Yılların Uzunluğu ve Tarihin En Uzun Yılı: M.Ö. 46
Artık yıllar gibi bazı yılların diğerlerinden daha uzun olmasına alışmış durumdayız. Ancak tarih boyunca en uzun yıl olarak kaydedilen M.Ö. 46 yılı, normalden tam 80 gün daha uzun sürerek, 445 güne ulaşmasıyla dikkat çekmektedir. Yıllar, Dünya’nın Güneş etrafında bir tam tur atmasıyla belirlenen süreyi tanımladığından, bir yılın bu kadar uzun sürmesi oldukça ilginç bir durumdur. Takvimlerimiz ise, yılı daha iyi bir şekilde ifade edebilmemiz için aylar, haftalar ve günler gibi parçalara ayırma çabası olarak düşünülebilir.

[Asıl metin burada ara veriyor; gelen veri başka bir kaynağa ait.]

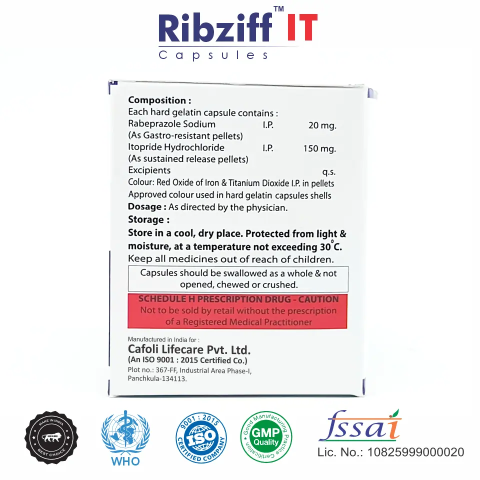 Rabeprazole 20mg + Itopride 150mg capsule is a combination gastrointestinal formulation developed for the management of acid-related disorders accompanied by impaired gastric motility, offering balanced symptom control and improved digestive comfort.

Belirli olaylar için herkesin anlayabileceği ve takip edebileceği bir zaman dilimi oluşturma amacıyla, tarih ve saat birleşimi (örneğin, 3 Ocak 2025 günü saat 15.00) oldukça kullanışlı bir sistem sunmaktadır. Yörünge yılını takvim yılları ile eşleştirme konusunda günümüzde daha iyi bir seviyeye ulaşmış olsak da, geçmişteki takvimler bu başarıyı elde edememiştir.

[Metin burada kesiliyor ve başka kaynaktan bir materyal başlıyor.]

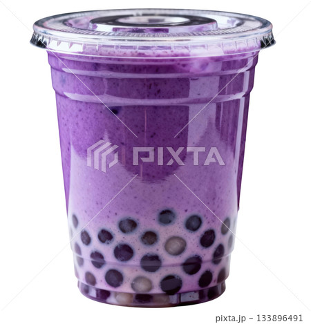 Refreshing sweet taro bubble tea, delicious milk tea boba drink with tapioca pearls for delightful treat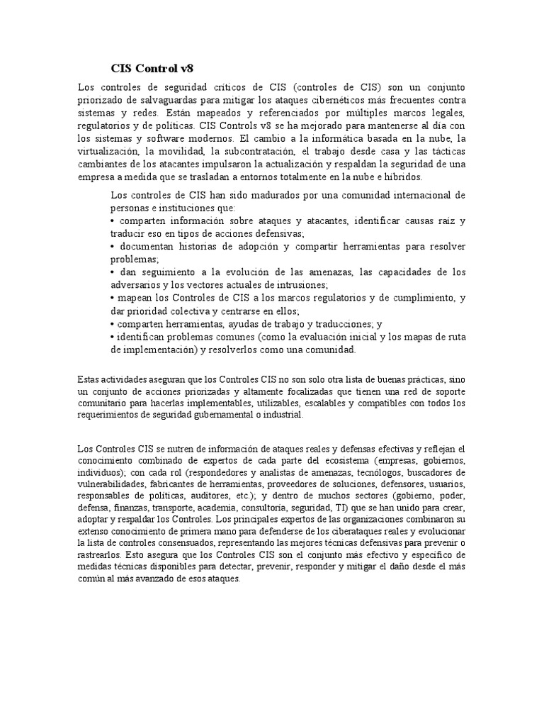 regulatorios y de políticas. CIS Controls v8 se ha mejorado para mantenerse al día con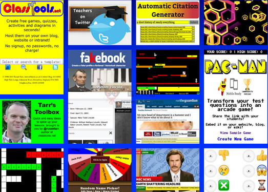 Class Tools 是由一位法国的教师罗素·塔尔创办的致力于分享教师课件的站点,虽然网站比较古老,但是对于教师来说还是非常实用的,目前网站提供20个免费小测验或图示、以及教育性游戏,你不需登入就可以免费使用并放在自己的网站上。
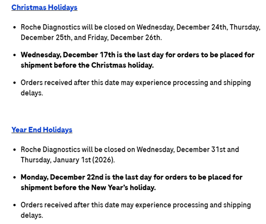 ** OPEN – Wednesday December 31st ***CHS USA Holiday Closure Notice:
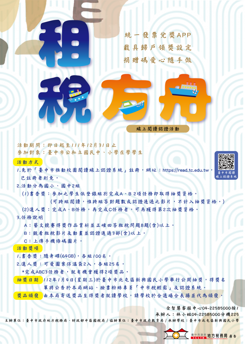臺中市政府地方稅務局辦理「租稅方舟」線上閱讀抽獎活動

Jülyen Takvimi Öncesi Roma Yılı
Julius Sezar tarafından Jülyen takviminin kullanılmaya başlanmasından önce, Roma yılı yalnızca 31 gün süren dört ay (Mart, Temmuz, Ekim ve Mayıs) içeriyordu. Diğer aylar, 28 gün süren Şubat hariç, her biri 29 gün ile daha kısa bir yapıya sahipti. Bu durum, takvimin Dünya’nın Güneş etrafındaki hareketiyle hızla uyumsuz hale gelmesine neden oldu. M.Ö. 200 civarında, bu uyumsuzluk o kadar fazla hale geldi ki, günümüzde 14 Mart olarak bildiğimiz tarihte gerçekleşen neredeyse tam bir tutulmanın, 11 Temmuz’da meydana geldiği kaydedildi.
Tarihlerdeki bu kaymayı önlemek amacıyla, her birkaç yılda bir “Mercedonius” adı verilen bir artık ay eklenmesi gerekiyordu. Bu sistem, takvimin bozulmasını önlemek için mükemmel bir yöntem olmasa da, en azından hedefine yaklaşabiliyordu. Ancak Mercedonius sisteminin, politik suistimal riski taşıdığı da hızlı bir şekilde anlaşılmıştır. Pontifeks Maksimus ve Pontifler Koleji, takvimi değiştirme yetkisine sahipti ve bu ruhani liderler, bazen görev sürelerini uzatmak gibi politik amaçlar için bu yetkiyi kullanabiliyordu.
Jülyen Takviminin Doğuşu
M.Ö. 45 yılında, Julius Sezar, bu karışıklığı gidermek adına Jülyen takvimini devreye almıştır. İlginç bir şekilde, Şubat ayı hariç, tüm kısa aylara bir veya iki gün ekleyerek bir yıldaki toplam gün sayısını daha bilindik bir rakam olan 365’e çıkarmıştır. Bu düzenlemenin ardından artık ay sistemi kaldırılmış ve her dört yılda bir gün eklenmesine karar verilerek, Güneş çevresindeki hareketimize uyumlu bir sistem oluşturulmuştur. Ancak tüm bu sistemin etkin bir şekilde işleyebilmesi için, öncelikle takvimin düzeltilerek doğru mevsimlerin doğru zaman dilimlerine yerleştirilmesi gerekmekteydi.
Bu düzeltmeyi gerçekleştirmek için Sezar, M.Ö. 46 yılına birkaç ay eklemiştir. Romalı tarihçi Suetonius, “Julius Sezar’ın hayatı” adlı eserinde, “ayrıca, mevsimlerin doğru hesaplanmasının Ocak ayının bir sonraki Kalends’inden başlayabilmesi için, Kasım ve Aralık ayları arasına iki ay daha ekledi” şeklinde yazarak, ekliyor: “Bu nedenle bu düzenlemelerin yapıldığı yıl, eski geleneğe göre o yıla ait olan artık ay da dahil olmak üzere on beş aylık bir yıldı.” Sonuç olarak, M.Ö. 46 yılı, 445 günle kayıtlı tarihteki en uzun yıl olarak tarihe geçmiştir ve bazen annus confusedis veya “karışıklık yılı” olarak da anılmaktadır.